New approach to CVS changesets - Journal of Omnifarious
Aug. 14th, 2007
11:15 pm - New approach to CVS changesets
I am quite pleased with a new approach I've started working on for converting a CVS repository to a set of changesets. I believe it is somewhat novel, and I think it will yield better results than most others. I'm calling my project cvs2cg (CVS to Change Graph) and this is a link to the repository for cvs2cg.
There are two basic assumptions at the heart of it. One is more important than the other.
The first (less important) assumption is that, since CVS is client/server based that dates are monotonically increasing and largely consistent. They don't mysteriously leap back in time for a new revision.
The second (more important) assumption is that CVS version numbers form a meaningful tree on an individual file basis. This means that version 1.2 is definitely the 'child' of version 1.1 in all cases. Well, except where 1.1 is what I call a 'fake' revision put there for bookkeeping purposes, but fake revisions are easy to detect because of the limited number of situations in which they occur. It also means that revision 1.3 is a child of 1.2 and 22.214.171.124 is a child of 1.2. 1.3 cannot be a fake revision, but 126.96.36.199 might be, in which case 188.8.131.52 is actually the root of a new revision ancestry.
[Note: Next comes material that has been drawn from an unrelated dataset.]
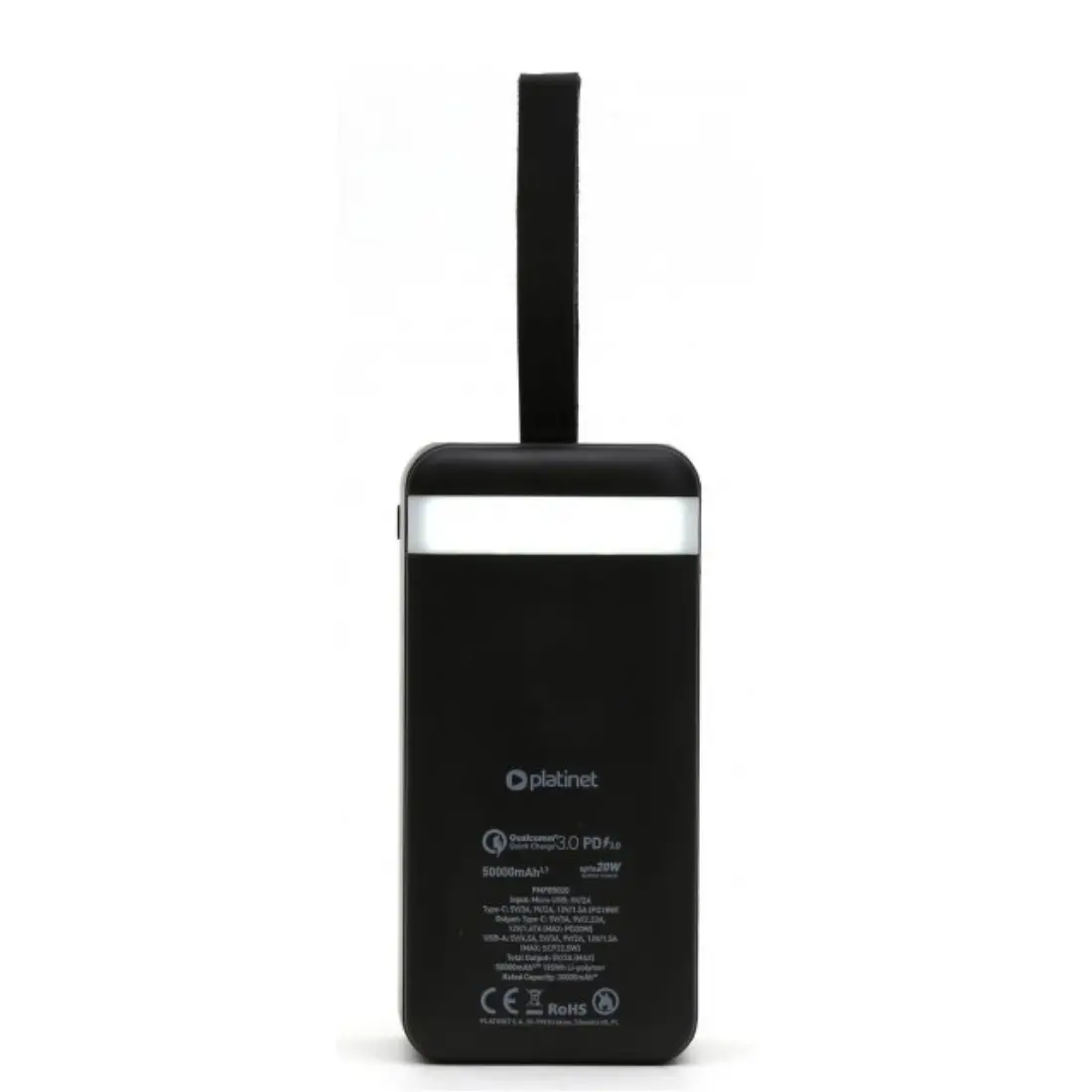 POWER BANK | 50000mAh | 20W | USB og USB-C | Indbygget lyskilde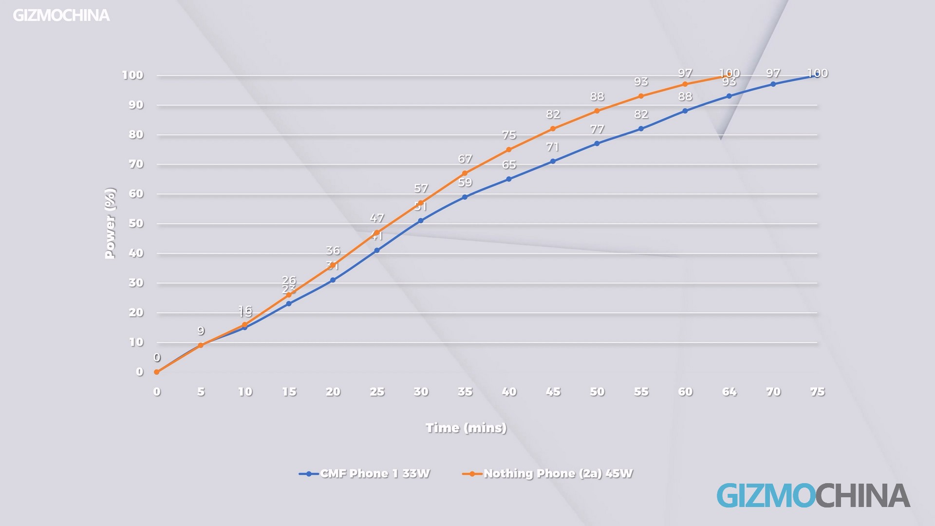 The CMF Phone has a 5000mAh battery, wired charging power up to 33W, and no wireless charging. It’s acceptable at the $250 price point, the power is not too big or small, charging speed will not be too fast or too slow. The battery life is even a little better compared to its brother 2a.

The second assumption can be used to test the first by asserting that every change has a date before its ancestor.
After you have these trees on a per-file basis and know that your assumptions about dates are correct, you can use a merge algorithm to merge together all of the per-file trees into one big tree for the entire repository. You will use the first assumption in combination with mysteriously coinciding authors and log messages to accomplish this. This will allow you to make much shrewder guesses about which file revisions are part of the same global repository revision. And it will also allow you to recover from classification errors more easily.
I think most current CVS converters try to discover changesets that are the same by comparing dates, authors and changelog messages first and then try to build up a change ancestry afterwards. I think this is done because finding file revisions that are part of the same repository revision is seen as the more vexing and pressing problem.
In reality, that problem is not nearly so important as making sure your revision graph is consistent and reasonably accurate.